И тем не менее воля, отделившаяся от творения, перед возможным предательством, которое ей угрожает на всем ее пути, осознает эту опасность и, осознавая, стремится избежать предательства. Таким образом, верная себе, воля в определенном смысле остается нерушимой, избегает собственной истории и обновляется. Внутренней истории не существует. Интериорность воли как бы подлежит юрисдикции, которая докапывается до ее замыслов и для которой смысл бытия моли полностью совпадает с ее внутренним желанием. Воления воли не довлеют над ней, и от юрисдикции, перед которой воля открыта, исходит прошение, возможность перечеркнут», историю, разрушить, избавиться от нее. Воля, таким образом, находится между предательством и верностью, которые одновременно характеризуют своеобразие ее силы. Однако верность не забывает предательства — и религиозная воля остается отношением с Другим. Верность достигается раскаянием и молитвой — привилегированным словом, в котором воля добивается верности самой себе, а прощение, удостоверяющее эту верность, приходит извне. Праведное дело внутренней воли, ее уверенность в том, что она непонята, в свою очередь обеспечивают ей отношение с тем, что находится вне ее. Воля ждет извне признания и прощения. Она ожидает этого от внеположенной воли, но не путем столкновения с ней, а через суждение; экстериорности чужд антагонизм волений, чужда история. Эта возможность оправдания и прощения в качестве религиозного сознания, где интериорность стремится слиться с бытием, открывается перед лицом Другого, с кем я могу говорить. Слово, поскольку оно принимает Другого как Другого, предлагает или жертвует ему продукт деятельности и, следовательно, не возвышается над экономикой. Таким образом, мы видим другую крайность волевой способности, отделенной от ее творения и преданной ею, а именно выражение, соотносящееся между тем с невыразимой деятельностью, через которую воля, свободная от истории, причастна истории.

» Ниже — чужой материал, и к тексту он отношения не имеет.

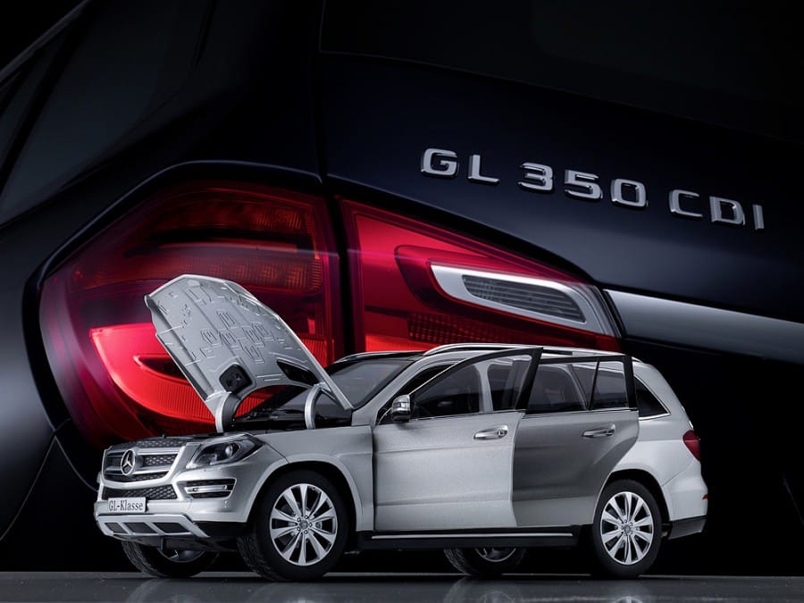 Για όσους θέλουν να αποκτήσουν μια Mercedes και ειδικότερα το μεγαλοπρεπές SUV της φίρμας GL-Class, μπορούν να δώσουν από 30 ευρώ και να πάρουν πίσω ρέστα. Φυσικά αναφερόμαστε σε μοντέλο υπό κλίμακα 1:18 (μήκους 28,5 εκ.), το οποίο αποτελεί ακριβές αντίγραφο της πραγματικής GL-Class. Το εμπρός και πίσω καπό και οι πόρτες ανοίγουν, τα καθίσματα της 2ης και 3ης σειράς αναδιπλώνονται, ενώ το εσωτερικό αποτελεί πιστό αντίγραφο του πραγματικού αυτοκινήτου. Ο εξοπλισμός της μινιατούρας περιλαμβάνει πανοραμική οροφή, φωτιστικά σώματα με LED, ζάντες αλουμινίου κ.α., με την τιμή του να ανεβαίνει στα 69,90 ευρώ (τιμές Γερμανίας). Παράλληλα διατίθεται και σε κλίμακα 1:43 (μήκους σχεδόν 12 εκ.), στην τιμή των 29,90 ευρώ.

Воля, в которой реализуется идентичность верного себе и одновременно предающего себя Самотождественного, не проистекает из эмпирической случайности, которая могла бы забросить данное сущее в окружение множества существ, оспаривающих его идентичность. Воля заключает этот дуализм предательства и верности в своей смертности, которая зарождается или осуществляется в телесности воли. Бытие, в котором множественность не означает ни простой делимости целого на части, ни простого единства некоего числа богов, живущих, каждый сам по себе, в промежутках между существами, нуждается в смертности и телесности, без которой властная воля либо воссоздала бы целое, либо как физическое тело, не смертное и не бессмертное, образовала бы некий блок. Отсрочка смерти в подверженной смерти воле, то есть время, является способом существования и реальностью отдельного сущего, вступившего в отношение с Другим. Этот промежуток времени надо принимать за исходную точку. В нем протекает разумная жизнь, которую не следует мерить идеалом вечности, расценивая ее длительность и ее цели как абсурдные либо иллюзорные.

3. Воля и смерть

В философской и религиозной традициях смерть трактуется либо как переход в небытие, либо как переход к иному существованию, продолжающемуся в новых обстоятельствах. Ее мыслят в рамках альтернативы между бытием и небытием, что диктуется смертью наших ближних, которые действительно перестают существовать в эмпирическом мире, что означает применительно к этому миру исчезновение или уход. Мы рассмотрим смерть как небытие более глубинно и в некотором роде априорно. сквозь призму страсти к убийству. Спонтанная интенциональность этой страсти нацелена на уничтожение. Каин, убивая Авеля, должен был обладать именно таким знанием о смерти. Отождествление смерти с небытием соответствует смерти Другого путем убийства. Однако такое небытие одновременно кажется чем-то невозможным. В самом деле, за пределами моего морального сознания Другой не может выступать в качестве Другого, его лицо говорит о моей моральной неспособности к уничтожению. Речь идет о запрете, безусловно, не являющемся просто-напросто невозможностью: он как раз допускает ту самую возможность, которую запрещает; однако в действительности запрет сам внедряется в эту возможность вместо того, чтобы допускать ее. Он не присоединяется задним числом — он глядит на меня из самой глубины взгляда, который я стремлюсь погасить, смотрит, как глаз, что будет из могилы глядеть на Каина. Таким образом, событие уничтожения в убийстве имеет сугубо относительный смысл как доведение до крайности отрицания, осуществленного внутри мира. В действительности оно подводит нас к положению, о котором мы не можем ничего сказать, даже — что это бытие, антитеза невозможного небытия.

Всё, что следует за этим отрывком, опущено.